Deadline for manuscript submissions: closed (15 July 2021).

Special Issue Editor

Dr. Maria Grazia Melilli
E-Mail Website
Guest Editor
Institute for Agricultural and Forest Systems in the Mediterranean, National Council of Research, Via Empedocle, 58, 95128 Catania, Italy
Interests: biofortification; novel foods, antioxidants; prebiotics; Mediterranean crops

Special Issue Information

Dear Colleagues,

Biofortification is the process used to increase the concentration of a nutrient in edible portions of plants through agronomic techniques, post-harvest processes (i.e., malting), and genetic selection by plant breeding. Some soils in the Mediterranean area are poor in some minerals, and so are the plants that grow in these soils.
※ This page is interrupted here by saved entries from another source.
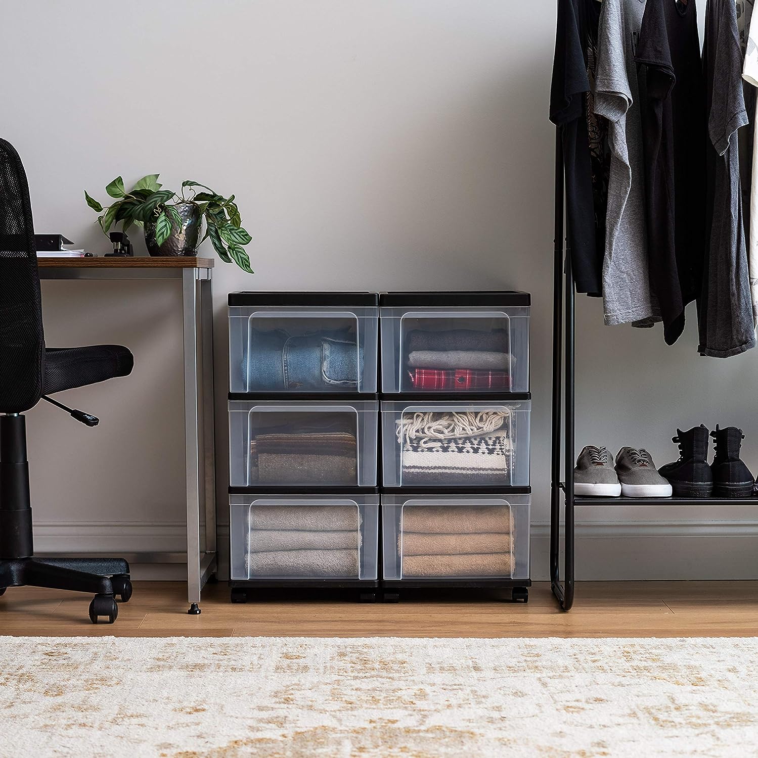 IRIS USA 2 Pack 3 Drawer Plastic Organizers and Storage. 4 Drawer. Black
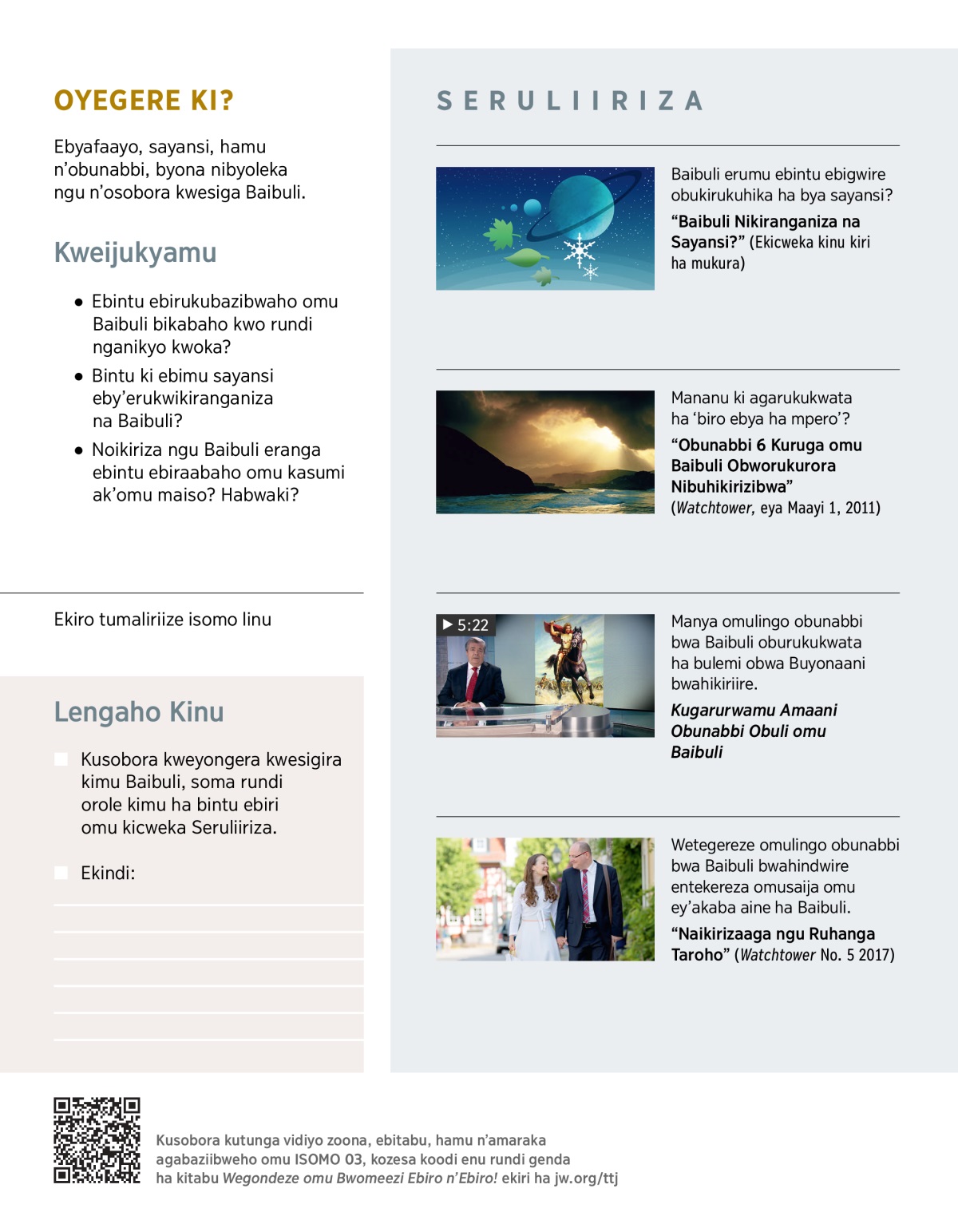 Baibuli erumu obunabbi oburukuranga ebintu ‘ebitakakozirwe.’ (Isaya 46:10) Haroho ebintu bingi ebiyarangire nihakyaburayo emyaka nyingi, kandi ebyahikiriire nk’okuyagambire. Kandi n’ebazaaho omu bwijwire enyikara ezinyakuroho omu nsi kasumi kanu. Omu isomo linu, nitwija kubazaaho obumu ha bunabbi bwa Baibuli. Mali, buhikiire kimu kandi kinu nikihuniiriza!
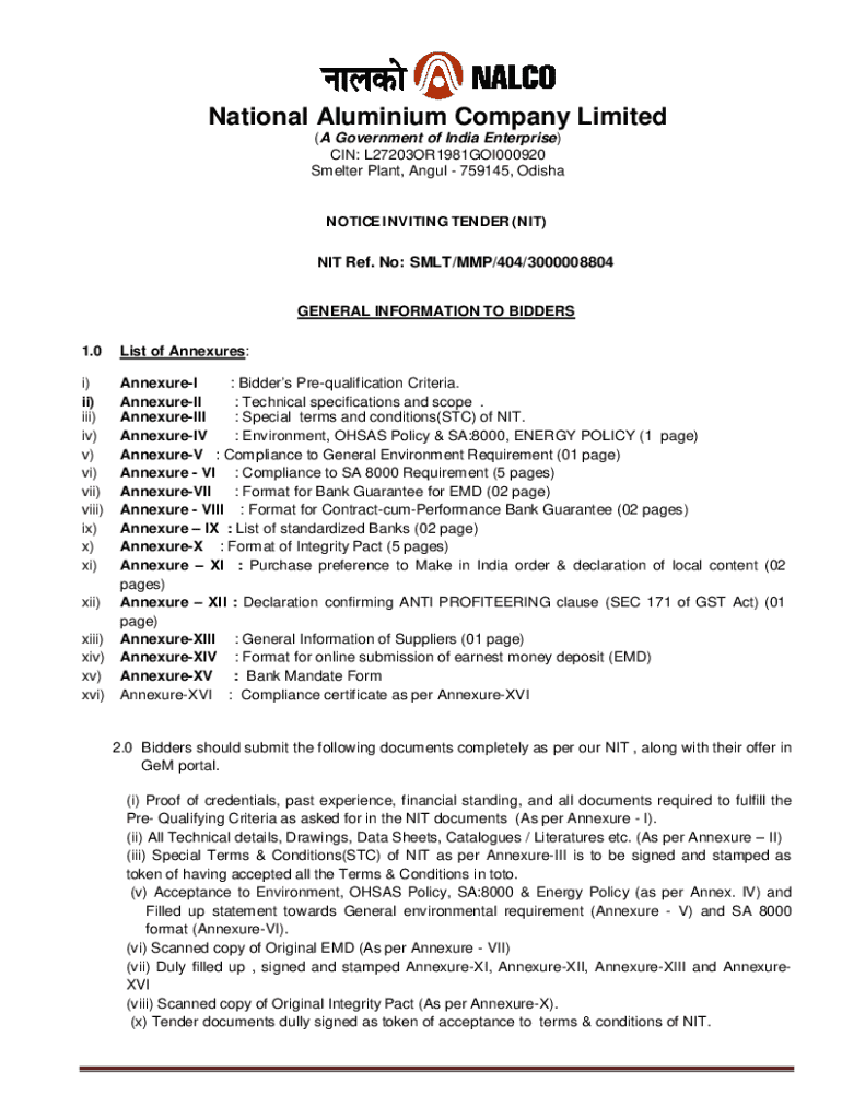 Begin with the title 'Notice Inviting Tender (NIT)'.
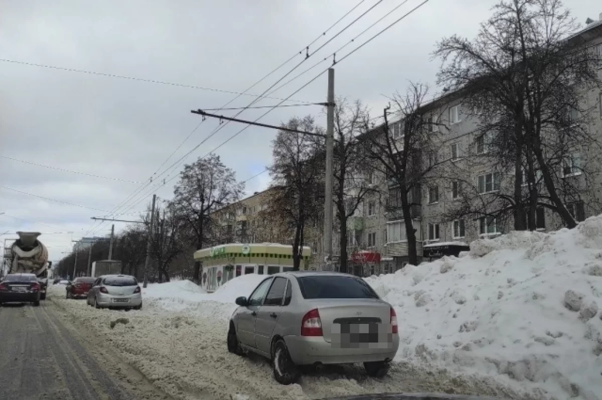 И она частично завалена снегом. Средняя полоса используется для парковки транспортных средств, которым, видимо, не хватило места во дворах. На крайней правой тоже паркуют авто. Эти полосы также завалены снегом.
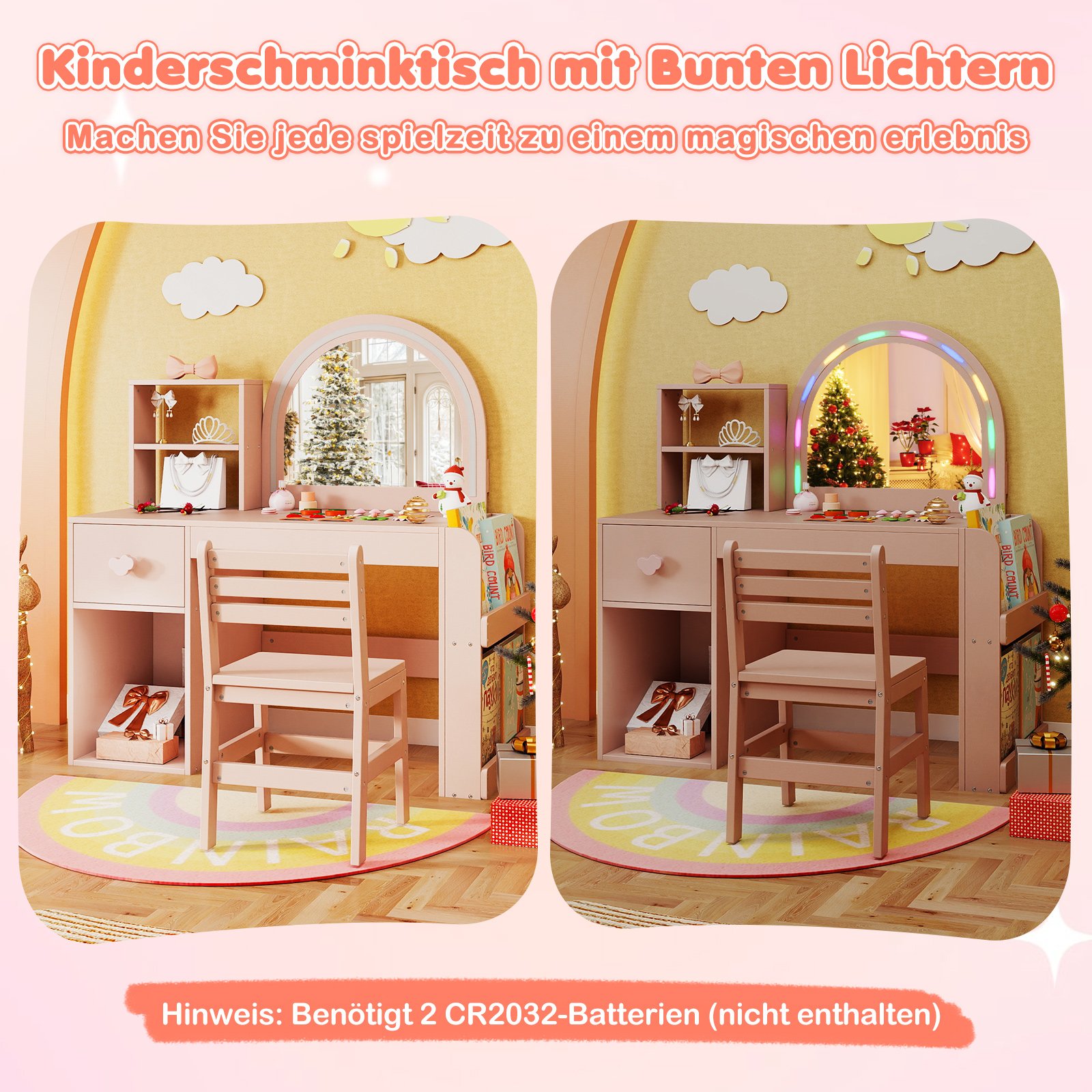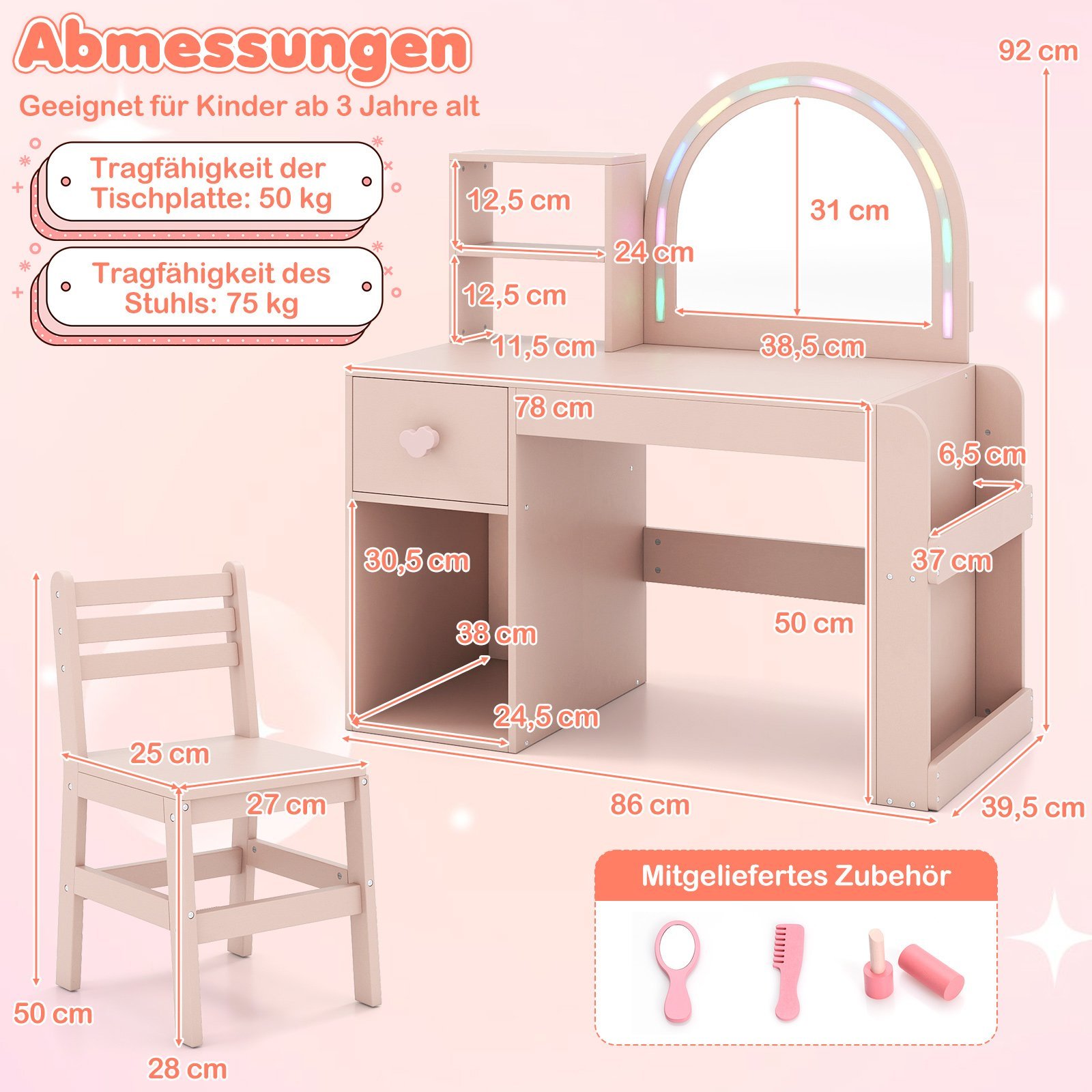 Su šiuo apšviestu kosmetiniu staliuku vaikams kiekviena žaidimo akimirka taps stebuklinga! Veidrodis, apšviestas spalvingomis lemputėmis, sukuria kerinčią erdvę persirenginėjimo žaidimams ir grožio rutinoms. Šis universalus rinkinys, derinantis funkcionalumą ir saugumą, yra puiki dovana, skatinanti vaizduotę ir kūrybiškumą.
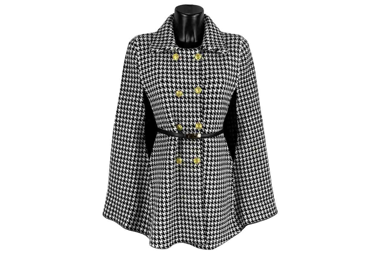 Giacca poncho in fantasia pied de poule con cintura.

Low mineral concentrations are found in arid areas with high pH and low clay content, conditions which are quite prevalent in the Mediterranean area. An important part of the population suffers from dietary deficiency in essential micronutrients, i.e., iron (Fe), zinc (Zn) and selenium (Se), and a novel challenge in agriculture is the production of biofortified grains to improve the nutrition status of the consumers, while allowing the producers to offer a more valuable product.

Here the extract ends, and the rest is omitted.